» Records from a dataset
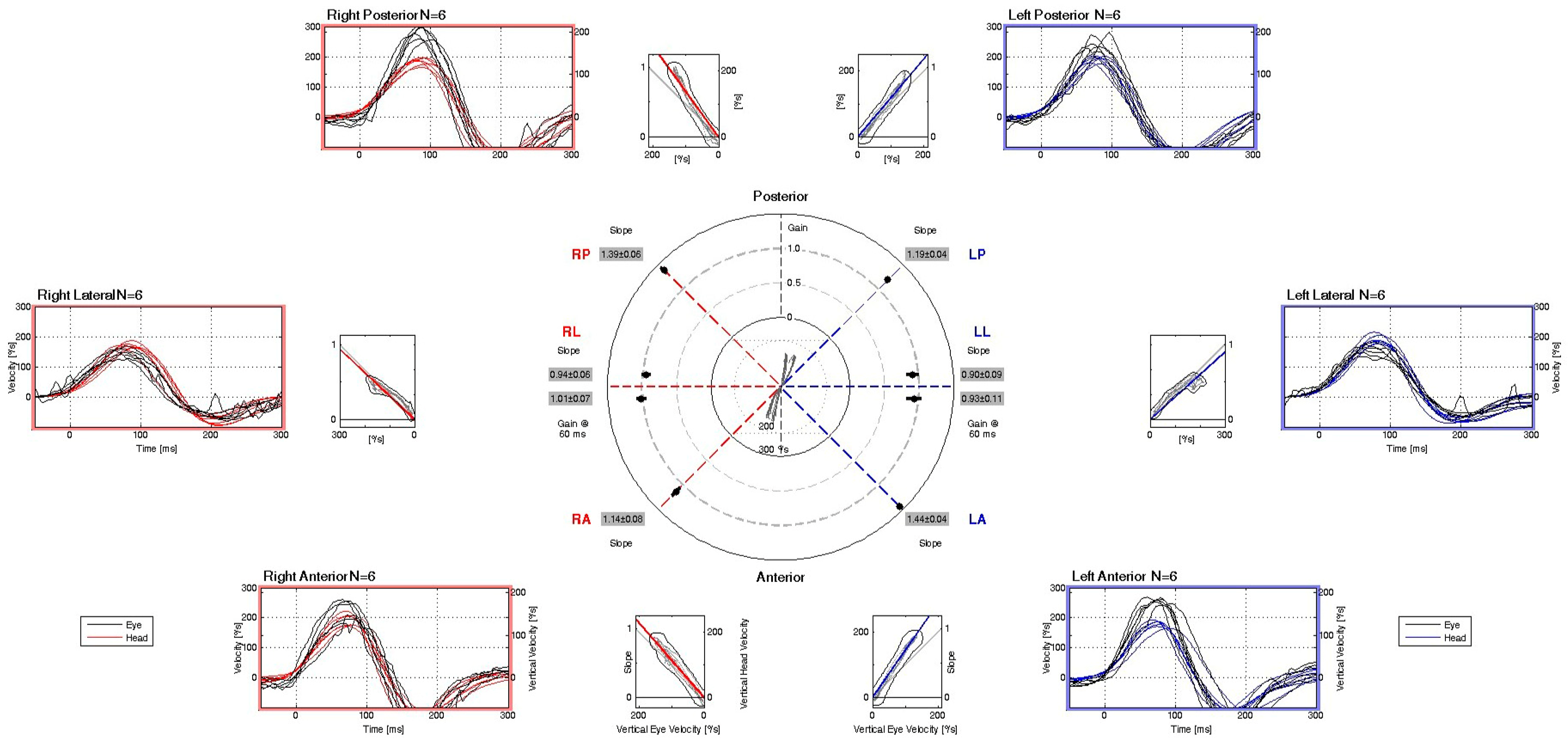 - Hougaard, D.D.; Abrahamsen, E.R. Functional Testing of All Six Semicircular Canals with Video Head Impulse Test Systems. J. Vis. Exp. 2019, 146, e59012. [Google Scholar] [CrossRef]
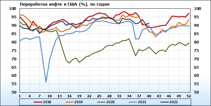 EIA. Коммерческие запасы нефти в США на 5 октября 2022
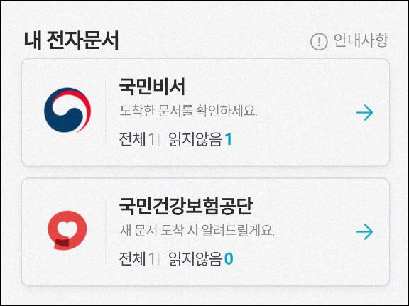 저는 네이버 앱을 국민비서에 연동해 두었습니다. 국민비서에서 알림이 오면 내 전자문서에 오게 되어 있습니다. 내 전자문서에 읽지 않은 문서가 뜹니다.
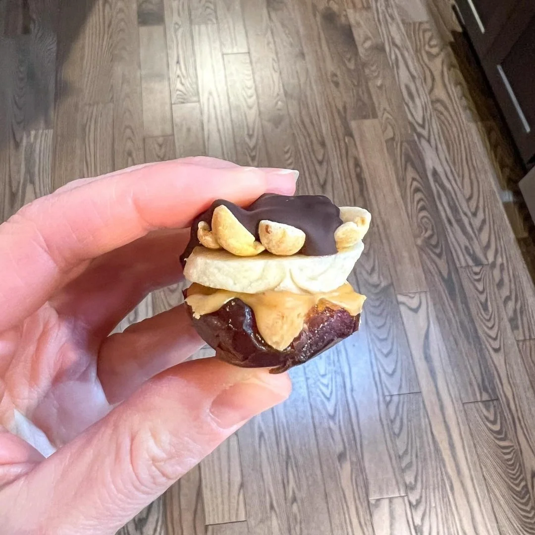 Layer 1 teaspoon of peanut butter on top of each date, then a slice of banana, then a few peanuts and then top with melted chocolate.
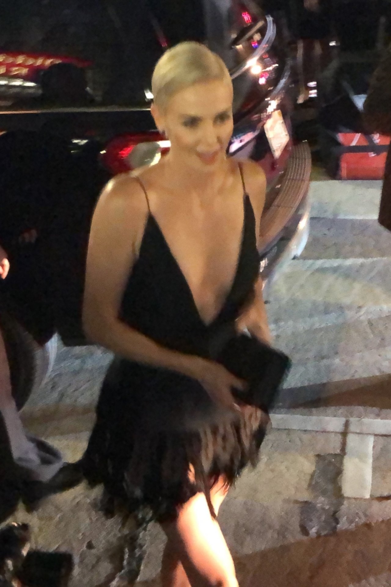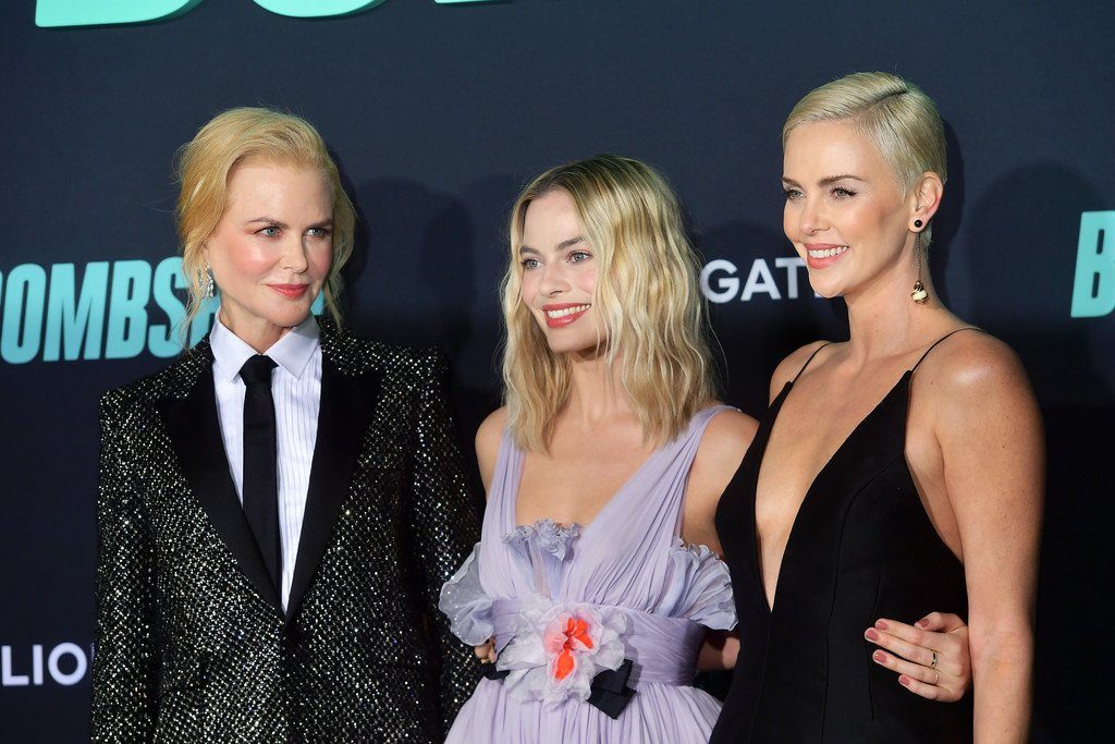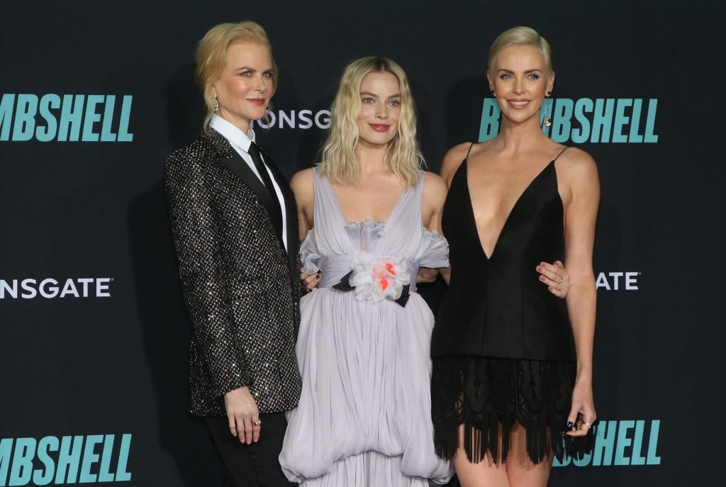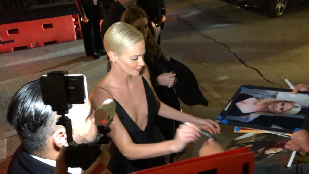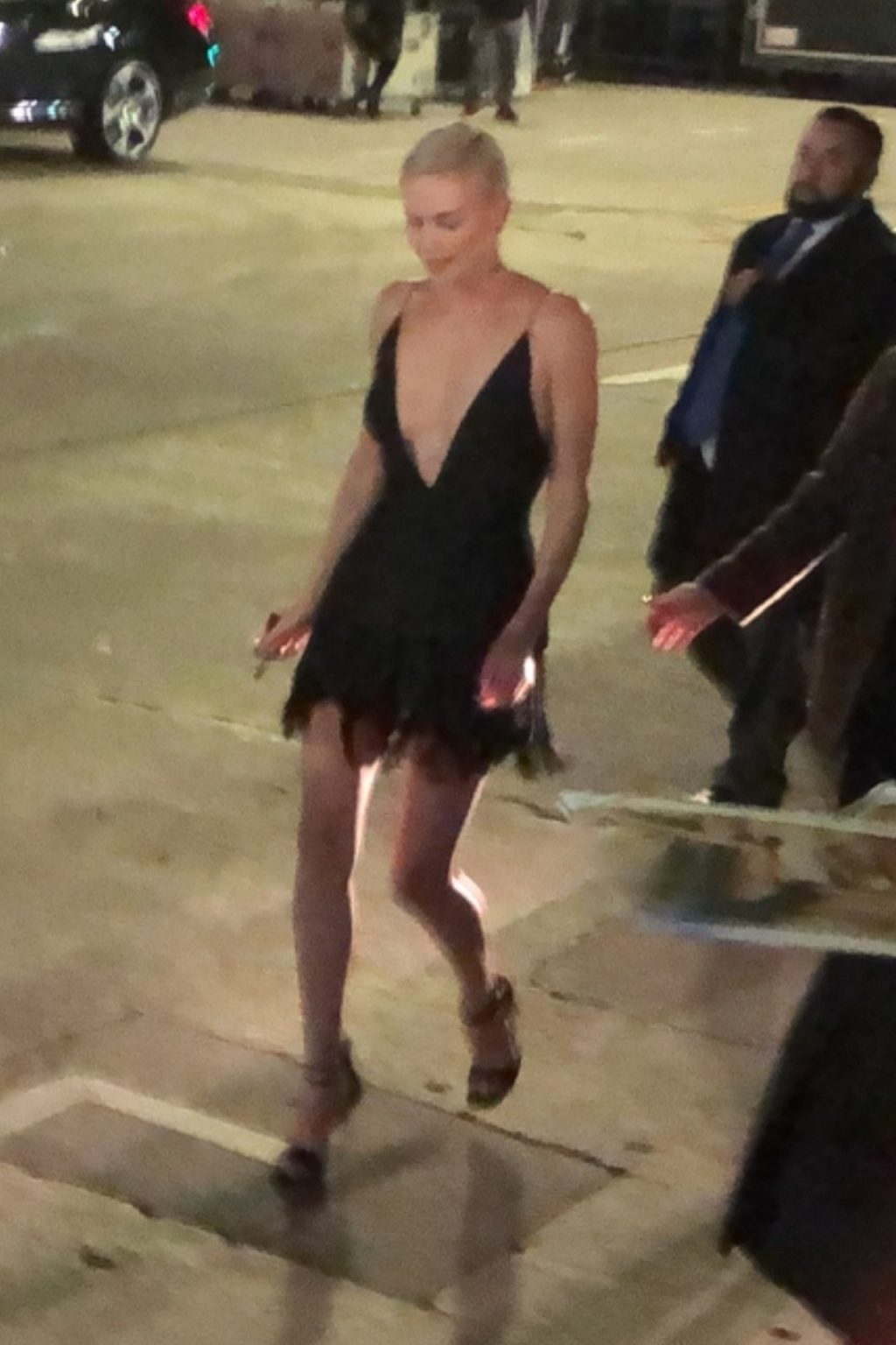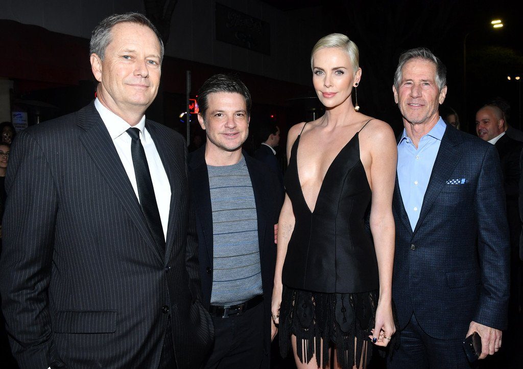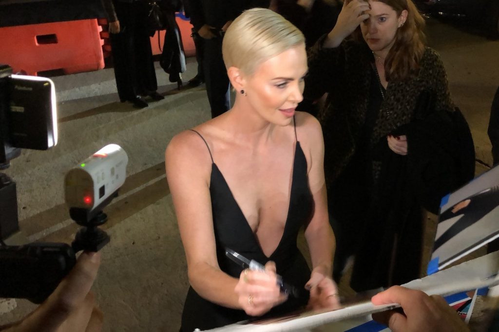 Charlize Theron exibiu seu decote e pernas esbeltas na Exibição Especial de ‘Bombshell’ no Regency Village em Los Angeles, Califórnia, 10/12/2019. A atriz também cumprimentou os fãs com um vestido preto sexy e decotado.

» Your goal
With the pictures set aside, copy each line above as written.

» Result of the exercise
 - Hougaard, D.D.; Abrahamsen, E.R. Functional Testing of All Six Semicircular Canals with Video Head Impulse Test Systems. J. Vis. Exp. 2019, 146, e59012. [Google Scholar] [CrossRef]
 EIA. Коммерческие запасы нефти в США на 5 октября 2022
 저는 네이버 앱을 국민비서에 연동해 두었습니다. 국민비서에서 알림이 오면 내 전자문서에 오게 되어 있습니다. 내 전자문서에 읽지 않은 문서가 뜹니다.
 Layer 1 teaspoon of peanut butter on top of each date, then a slice of banana, then a few peanuts and then top with melted chocolate.
 Charlize Theron exibiu seu decote e pernas esbeltas na Exibição Especial de ‘Bombshell’ no Regency Village em Los Angeles, Califórnia, 10/12/2019. A atriz também cumprimentou os fãs com um vestido preto sexy e decotado.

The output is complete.